## [What is required]
Look below for the line that contains "Ist auf der" and the line that contains "患者調査で示される入院受療率", then restate both of them and every line in between, exactly. No picture goes in the copy.

Stored data entries:
BEGIN

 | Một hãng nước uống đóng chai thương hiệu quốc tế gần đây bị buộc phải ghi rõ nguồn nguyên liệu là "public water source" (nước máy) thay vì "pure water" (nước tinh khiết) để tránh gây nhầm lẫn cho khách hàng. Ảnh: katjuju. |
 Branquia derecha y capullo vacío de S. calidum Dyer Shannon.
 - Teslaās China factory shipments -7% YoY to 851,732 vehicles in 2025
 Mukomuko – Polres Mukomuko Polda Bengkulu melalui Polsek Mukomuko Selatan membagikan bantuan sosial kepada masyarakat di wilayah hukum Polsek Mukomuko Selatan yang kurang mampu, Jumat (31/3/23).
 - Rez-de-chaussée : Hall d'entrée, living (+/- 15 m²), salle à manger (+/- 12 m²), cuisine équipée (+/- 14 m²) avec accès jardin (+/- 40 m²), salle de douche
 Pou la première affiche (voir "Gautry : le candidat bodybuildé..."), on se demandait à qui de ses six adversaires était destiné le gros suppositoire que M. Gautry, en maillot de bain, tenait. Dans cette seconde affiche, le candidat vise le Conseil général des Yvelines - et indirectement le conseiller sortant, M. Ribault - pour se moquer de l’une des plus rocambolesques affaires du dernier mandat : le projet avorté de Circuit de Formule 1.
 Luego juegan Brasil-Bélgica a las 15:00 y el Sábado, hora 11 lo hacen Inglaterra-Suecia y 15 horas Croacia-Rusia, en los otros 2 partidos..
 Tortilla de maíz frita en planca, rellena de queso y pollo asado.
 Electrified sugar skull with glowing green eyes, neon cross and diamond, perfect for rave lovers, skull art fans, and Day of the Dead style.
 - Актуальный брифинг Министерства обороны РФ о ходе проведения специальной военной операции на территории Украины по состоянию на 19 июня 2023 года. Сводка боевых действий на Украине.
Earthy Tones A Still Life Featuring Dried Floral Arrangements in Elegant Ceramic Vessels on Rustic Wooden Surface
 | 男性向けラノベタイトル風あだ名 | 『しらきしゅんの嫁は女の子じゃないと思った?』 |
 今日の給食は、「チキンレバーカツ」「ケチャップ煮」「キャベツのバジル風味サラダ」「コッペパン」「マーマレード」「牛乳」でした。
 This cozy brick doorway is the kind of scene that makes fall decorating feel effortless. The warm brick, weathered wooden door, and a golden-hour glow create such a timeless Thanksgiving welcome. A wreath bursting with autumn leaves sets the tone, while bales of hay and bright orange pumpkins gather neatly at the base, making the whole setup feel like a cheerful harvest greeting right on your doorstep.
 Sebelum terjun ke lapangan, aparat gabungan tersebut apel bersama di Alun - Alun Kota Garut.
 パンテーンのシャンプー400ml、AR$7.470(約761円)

END
BEGIN

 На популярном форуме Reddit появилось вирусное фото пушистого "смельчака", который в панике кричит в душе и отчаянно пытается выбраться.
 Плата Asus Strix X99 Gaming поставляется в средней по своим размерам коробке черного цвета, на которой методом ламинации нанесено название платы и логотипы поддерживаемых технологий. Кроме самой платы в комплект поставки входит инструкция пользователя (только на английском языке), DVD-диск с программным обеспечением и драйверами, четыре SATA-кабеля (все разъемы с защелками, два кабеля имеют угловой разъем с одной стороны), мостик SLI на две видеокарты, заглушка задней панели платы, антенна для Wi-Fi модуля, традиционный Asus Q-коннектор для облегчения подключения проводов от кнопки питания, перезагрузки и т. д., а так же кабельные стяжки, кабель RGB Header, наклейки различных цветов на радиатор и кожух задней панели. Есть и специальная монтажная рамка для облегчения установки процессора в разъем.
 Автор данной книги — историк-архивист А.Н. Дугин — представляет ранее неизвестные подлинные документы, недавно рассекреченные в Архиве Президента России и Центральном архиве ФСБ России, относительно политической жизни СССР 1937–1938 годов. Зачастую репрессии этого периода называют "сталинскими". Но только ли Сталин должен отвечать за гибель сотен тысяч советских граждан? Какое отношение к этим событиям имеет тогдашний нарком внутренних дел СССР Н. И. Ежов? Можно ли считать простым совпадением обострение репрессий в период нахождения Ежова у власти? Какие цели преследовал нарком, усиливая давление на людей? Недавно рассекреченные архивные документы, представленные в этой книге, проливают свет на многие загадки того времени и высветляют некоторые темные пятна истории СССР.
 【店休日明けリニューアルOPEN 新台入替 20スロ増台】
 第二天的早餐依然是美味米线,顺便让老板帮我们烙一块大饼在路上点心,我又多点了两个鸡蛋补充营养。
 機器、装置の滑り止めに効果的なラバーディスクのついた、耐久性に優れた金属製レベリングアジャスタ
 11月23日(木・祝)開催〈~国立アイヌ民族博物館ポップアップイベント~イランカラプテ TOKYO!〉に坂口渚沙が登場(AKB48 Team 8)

END
BEGIN

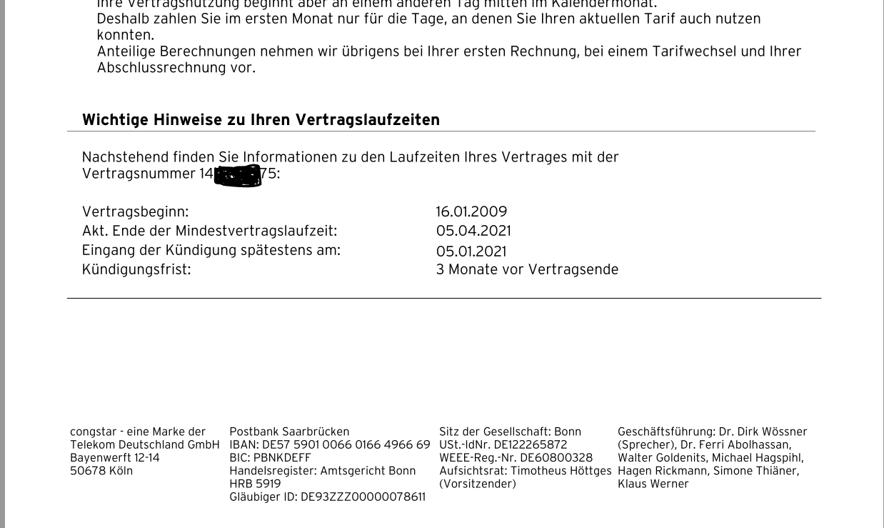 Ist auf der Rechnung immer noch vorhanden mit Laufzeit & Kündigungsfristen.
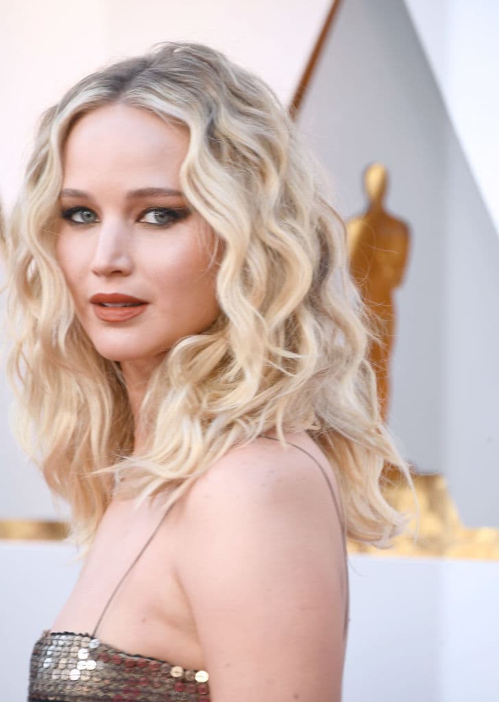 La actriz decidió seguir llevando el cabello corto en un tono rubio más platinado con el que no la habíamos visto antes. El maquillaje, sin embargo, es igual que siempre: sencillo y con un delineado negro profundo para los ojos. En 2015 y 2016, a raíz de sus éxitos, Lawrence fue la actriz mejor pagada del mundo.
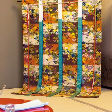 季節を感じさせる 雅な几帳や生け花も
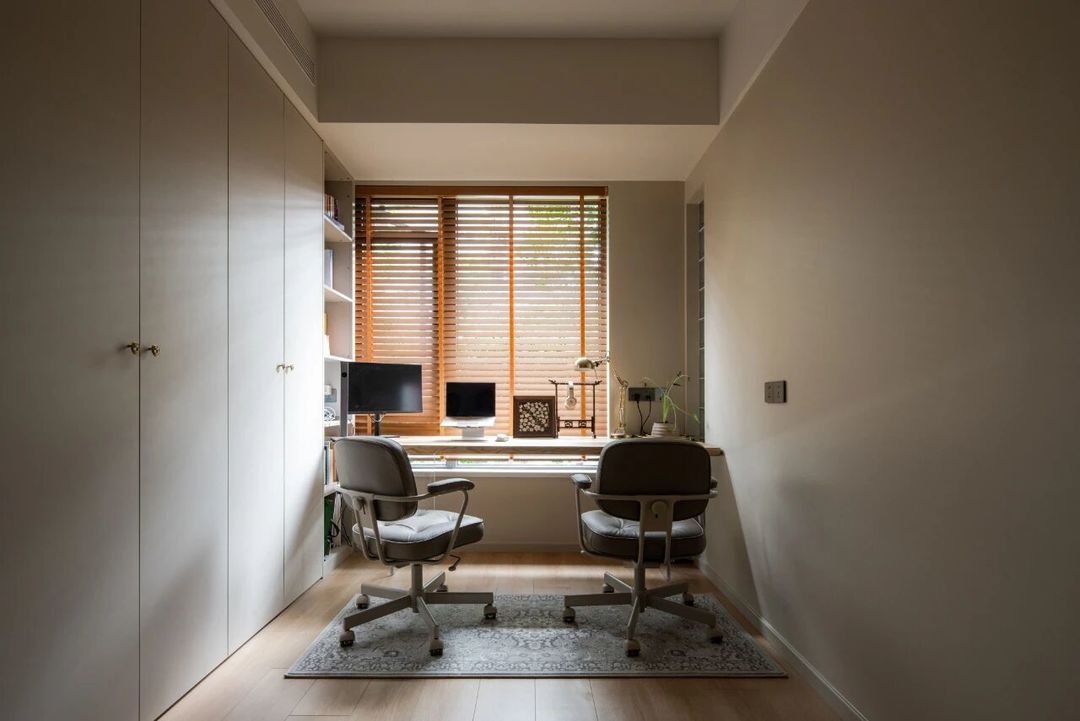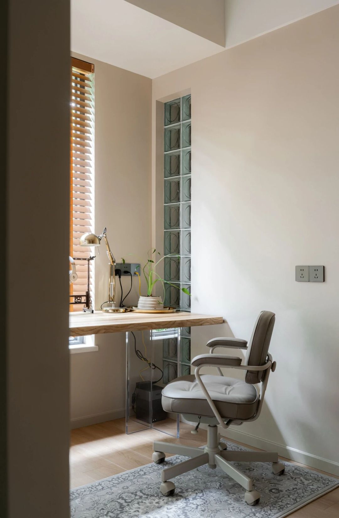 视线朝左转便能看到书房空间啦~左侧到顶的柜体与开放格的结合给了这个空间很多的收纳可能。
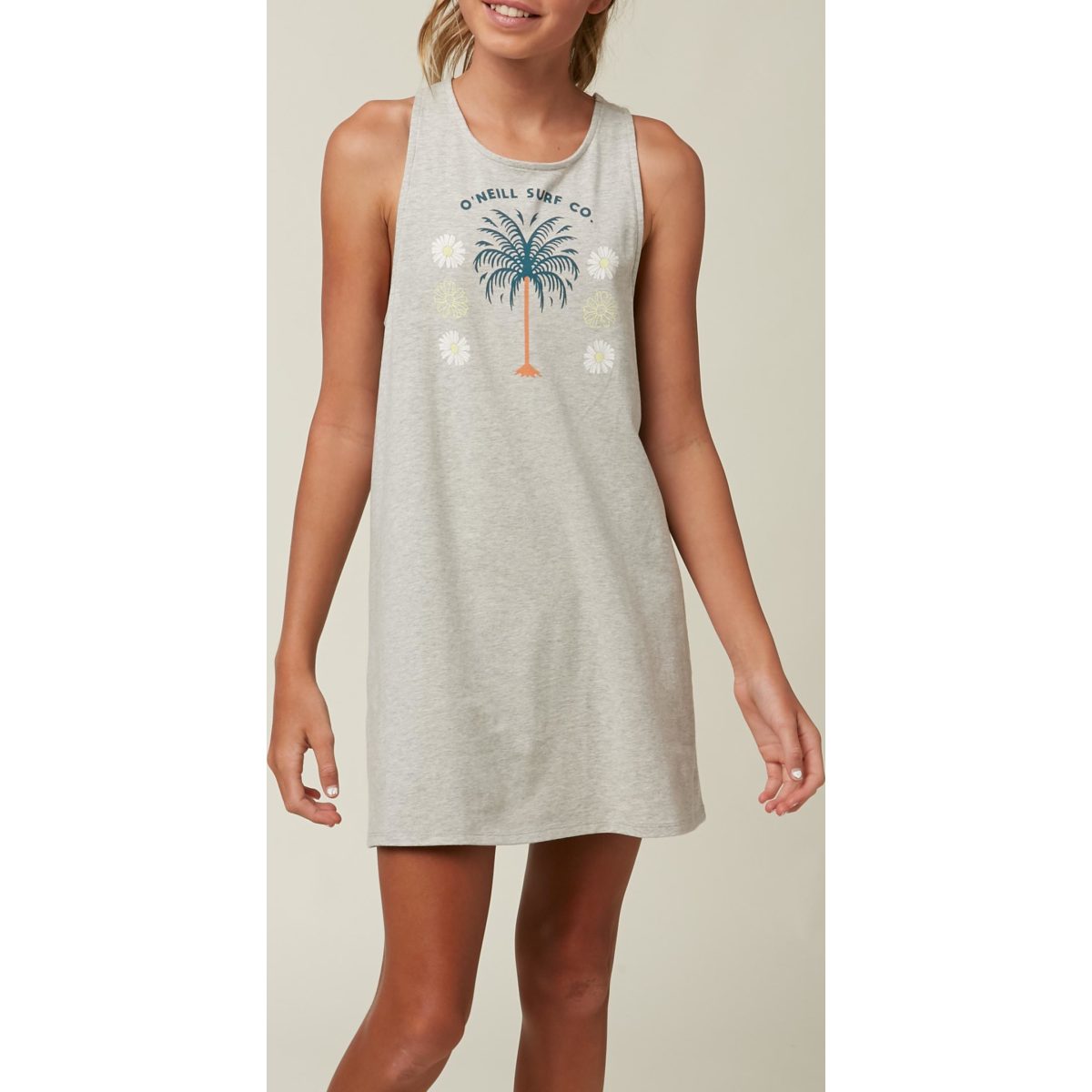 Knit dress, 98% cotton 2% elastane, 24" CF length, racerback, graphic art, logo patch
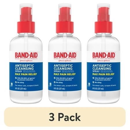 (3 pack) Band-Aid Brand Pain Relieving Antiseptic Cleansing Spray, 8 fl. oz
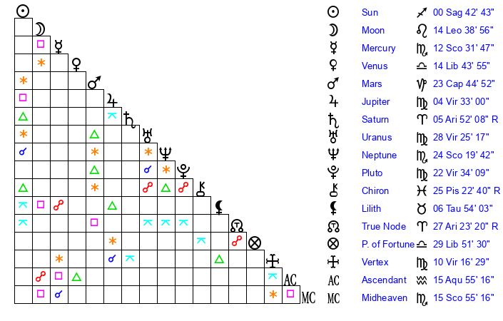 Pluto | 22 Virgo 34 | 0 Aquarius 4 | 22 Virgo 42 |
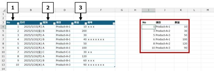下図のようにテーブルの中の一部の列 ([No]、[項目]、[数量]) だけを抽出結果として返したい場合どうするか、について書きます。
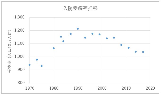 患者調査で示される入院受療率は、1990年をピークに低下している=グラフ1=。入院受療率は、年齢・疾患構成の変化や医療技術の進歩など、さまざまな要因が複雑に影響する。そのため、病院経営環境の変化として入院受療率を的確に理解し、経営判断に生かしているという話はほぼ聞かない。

END

## [Exercise output]
 Ist auf der Rechnung immer noch vorhanden mit Laufzeit & Kündigungsfristen.
 La actriz decidió seguir llevando el cabello corto en un tono rubio más platinado con el que no la habíamos visto antes. El maquillaje, sin embargo, es igual que siempre: sencillo y con un delineado negro profundo para los ojos. En 2015 y 2016, a raíz de sus éxitos, Lawrence fue la actriz mejor pagada del mundo.
 季節を感じさせる 雅な几帳や生け花も
 视线朝左转便能看到书房空间啦~左侧到顶的柜体与开放格的结合给了这个空间很多的收纳可能。
 Knit dress, 98% cotton 2% elastane, 24" CF length, racerback, graphic art, logo patch
 (3 pack) Band-Aid Brand Pain Relieving Antiseptic Cleansing Spray, 8 fl. oz
 Pluto | 22 Virgo 34 | 0 Aquarius 4 | 22 Virgo 42 |
下図のようにテーブルの中の一部の列 ([No]、[項目]、[数量]) だけを抽出結果として返したい場合どうするか、について書きます。
 患者調査で示される入院受療率は、1990年をピークに低下している=グラフ1=。入院受療率は、年齢・疾患構成の変化や医療技術の進歩など、さまざまな要因が複雑に影響する。そのため、病院経営環境の変化として入院受療率を的確に理解し、経営判断に生かしているという話はほぼ聞かない。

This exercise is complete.